• Exercise brief:
Please reproduce the entries below exactly as they stand, but leave the pictures out.

• Records to process:
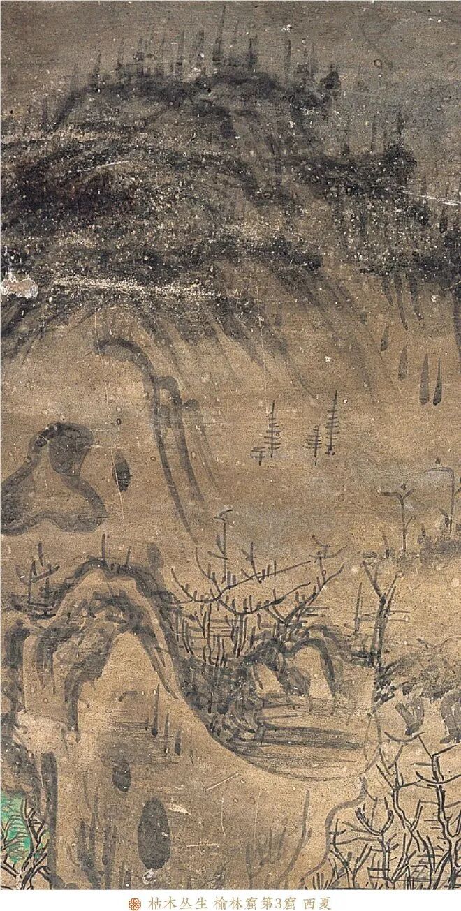 在敦煌榆林窟第3窟的壁画里,丛丛枯木屹立在寒风中,鹿角般的枝桠牵挂着漫散的烟云。天空晦暗不明,点点微雪将落,为来年新岁暗送一场瑞雪的祝福。
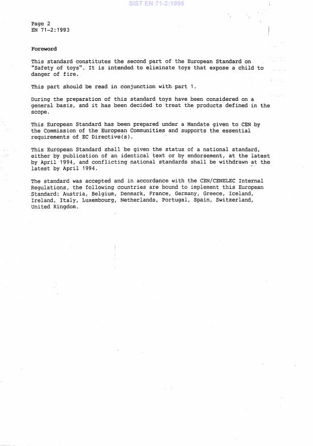 EN 71-2:1993/AC:1995 is a standard published by the European Committee for Standardization (CEN). Its full title is "Safety of toys - Part 2: Flammability". This standard covers: Safety of toys - Part 2: Flammability
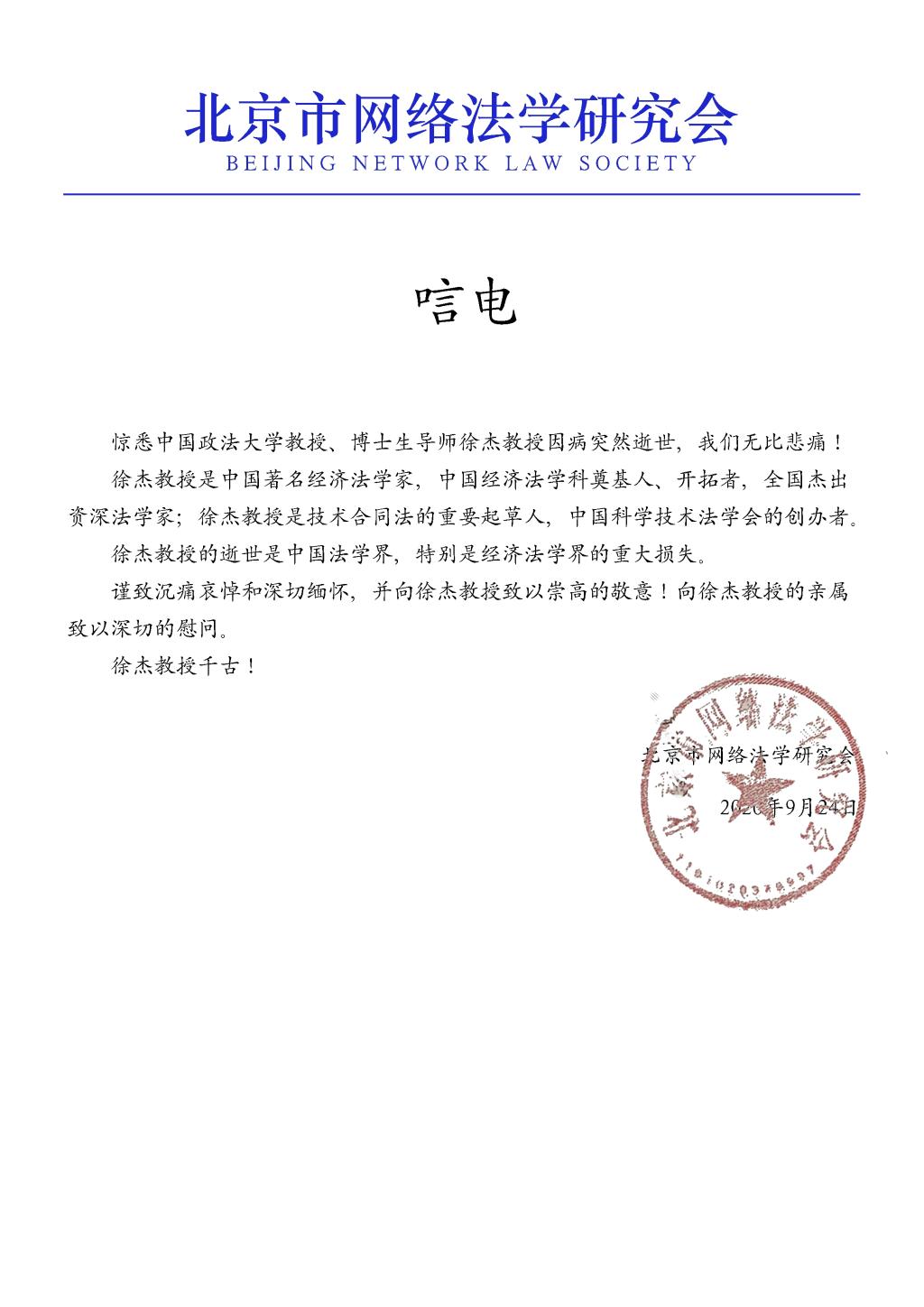 北京市网络法学研究会唁电
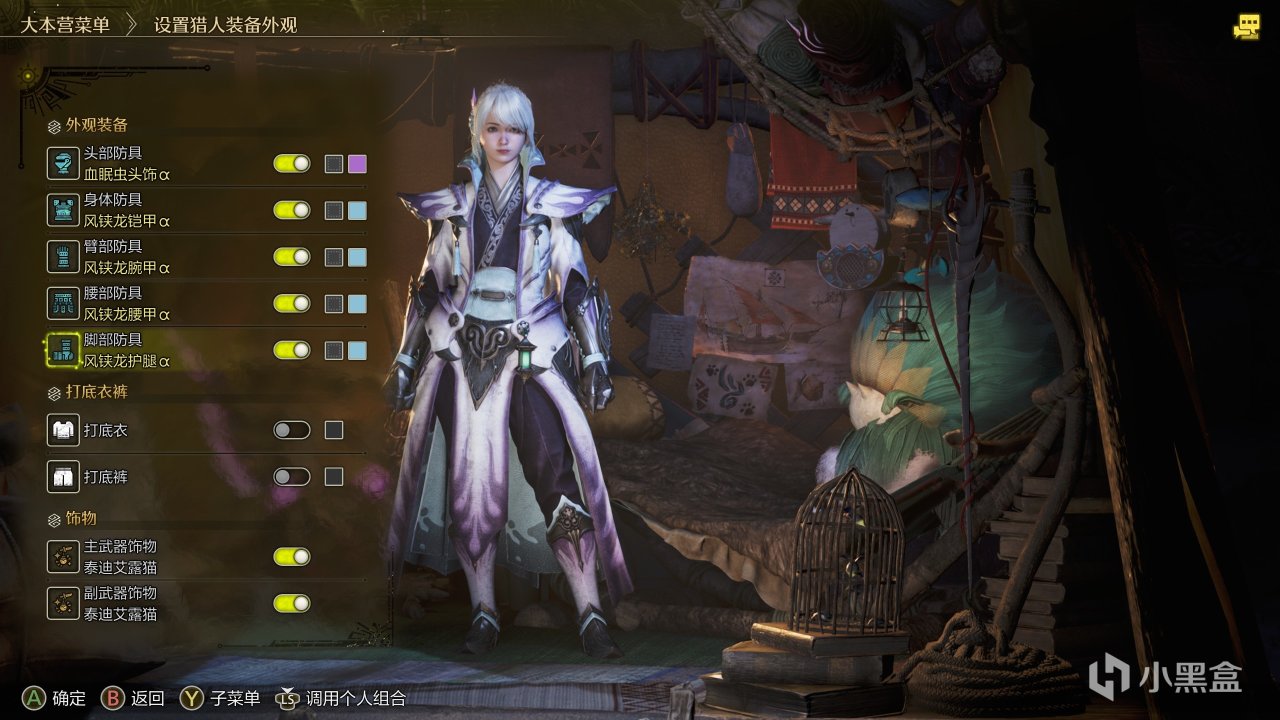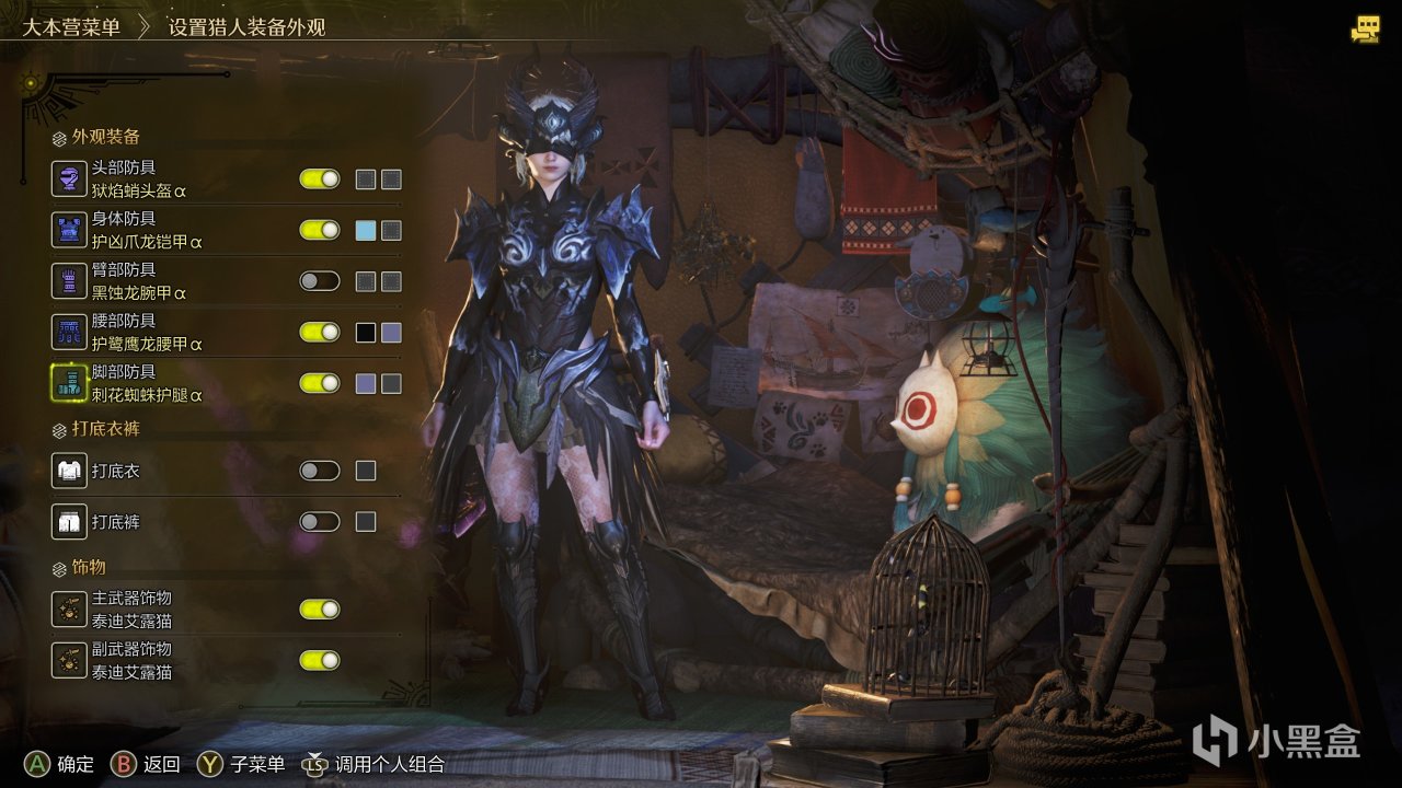狱焰鞘这个头真好看,本来还说自身那套铠甲带个披风还是很帅的,但是胸前的触手看起来不舒服,改成相对协调的护凶爪龙铠甲。另外护鹭鹰龙裙和刺花腿这两个好看的单件别浪费了。
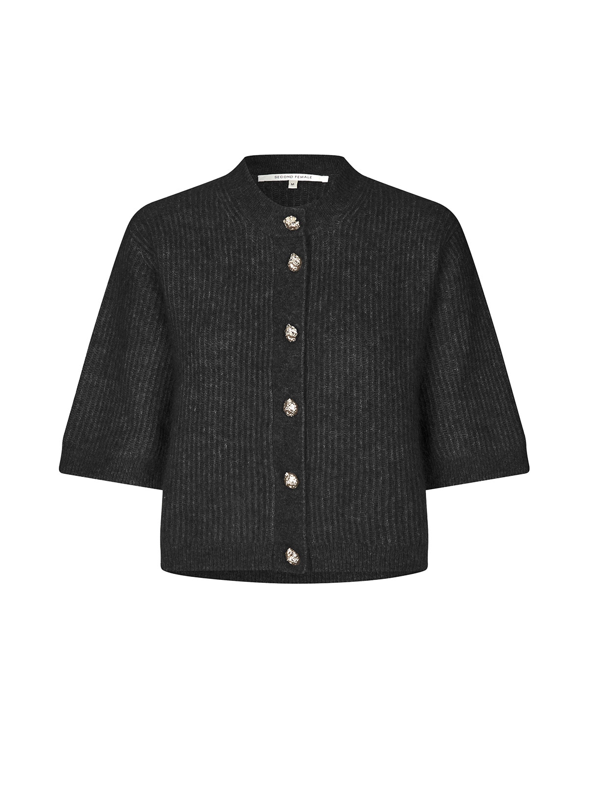 Strikket cardigan fra Second Female. Strikken har rund hals, korte ærmer og lukkes med knapper.

• Solution to this problem:
 在敦煌榆林窟第3窟的壁画里,丛丛枯木屹立在寒风中,鹿角般的枝桠牵挂着漫散的烟云。天空晦暗不明,点点微雪将落,为来年新岁暗送一场瑞雪的祝福。
 EN 71-2:1993/AC:1995 is a standard published by the European Committee for Standardization (CEN). Its full title is "Safety of toys - Part 2: Flammability". This standard covers: Safety of toys - Part 2: Flammability
 北京市网络法学研究会唁电
狱焰鞘这个头真好看,本来还说自身那套铠甲带个披风还是很帅的,但是胸前的触手看起来不舒服,改成相对协调的护凶爪龙铠甲。另外护鹭鹰龙裙和刺花腿这两个好看的单件别浪费了。
 Strikket cardigan fra Second Female. Strikken har rund hals, korte ærmer og lukkes med knapper.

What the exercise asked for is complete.